I have been on prednisone at high doses. 60mg. It took my walking ability from me for several months. After that, I have been on lower doses. Each time i get a little more of a barrier to prednisone. The last time I tried to get myself better I leveled out on twenty mgs. This time I am having to take 15 mgs. (at this time.) In a month, my ace test will be checked and I will see if the 15 mgs prednisine is working. My doctors wanted to start me on 40 mgs.
I am getting allergic to prednisone.
In December, I may need need to start taking methotrexate again. I will probably be taking the shot method, the pills devastate my body. The shot method entails one shot per week. There have been some people saying that it does work. I don't know. The last time I was on it I just decided to stop taking all of my medication. Prednisone and methotrexate.
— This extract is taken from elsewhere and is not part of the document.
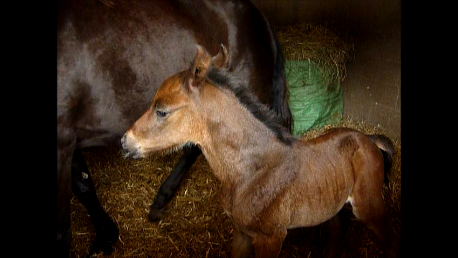 Golden Delight, femelle par Hilkens black delight et Pucy d'Iselay bai mais va foncé. Née le 4 avril à 335 jours de gestation.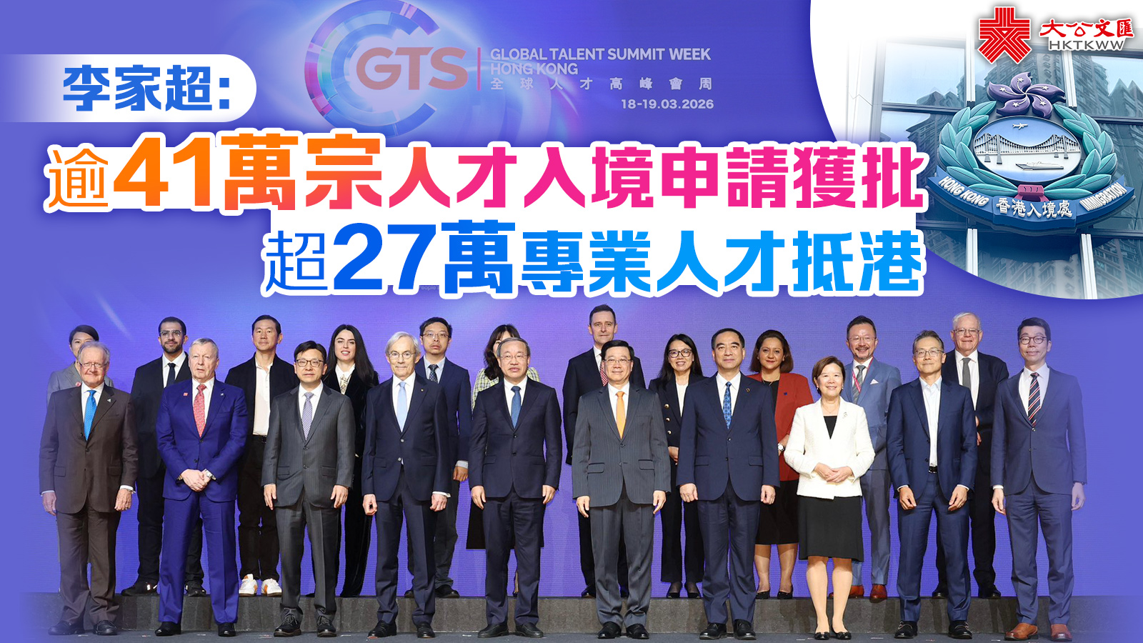 大公文匯全媒體報道,今日(18日)早上,行政長官李家超出席第二屆全球人才高峰會周國際人才論壇,歡迎約7000位來自世界各地的嘉賓齊集香港這個國際人才樞紐,共同參與這項盛事。今年論壇以「匯聚全球智慧」為主題,首次舉辦九項與人才及人力資源相關的衛星活動,包括區域會議、招聘會及企業頒獎典禮等。 李家超在社交平台發文指,他致開幕辭時表示,引才及留才是全球經濟策略及公共政策的關鍵,競爭力取決於人才的知識、創造力及適應力,為應對這項挑戰,香港目標清晰、決心堅定。在「一國兩制」下,香港既有祖國的強力支持,亦能維繫廣泛的國際網絡,這獨特優勢使香港在融入國家高質量發展的同時,始終保持開放,維持與全球聯通的經濟體系。與此同時,香港正加速推動北部都會區發展成為國際創科中心,並深化與大灣區其他城市的合作,這將為跨境協作及人才流動帶來巨大機遇。 李家超指出,香港的努力得到廣泛認同。除了是全球唯一擁有五所世界百強大學的城市外,香港在國際管理發展學院《2025年世界人才排名》亦從第九躍升至第四,位居亞洲首位,反映全球人才對香港投下信心一票。截至本年2月底,香港已透過各項人才入境計劃批准超過41萬宗申請,有超過27萬名專業人才已抵港。

My ace levels stayed low for about one year. I have asked my doctors not to put me on this medication. I get really sick at my stomach with it. I worry that the doctors will run out of medicine to give me and the sarcoid will just take over. I don't like prednisone but it does help me to breathe and stops the chest pain. I am feeling a little better, but I am still losing weight. I don't think the prednisone is working at 15 mgs. But at least I am still going.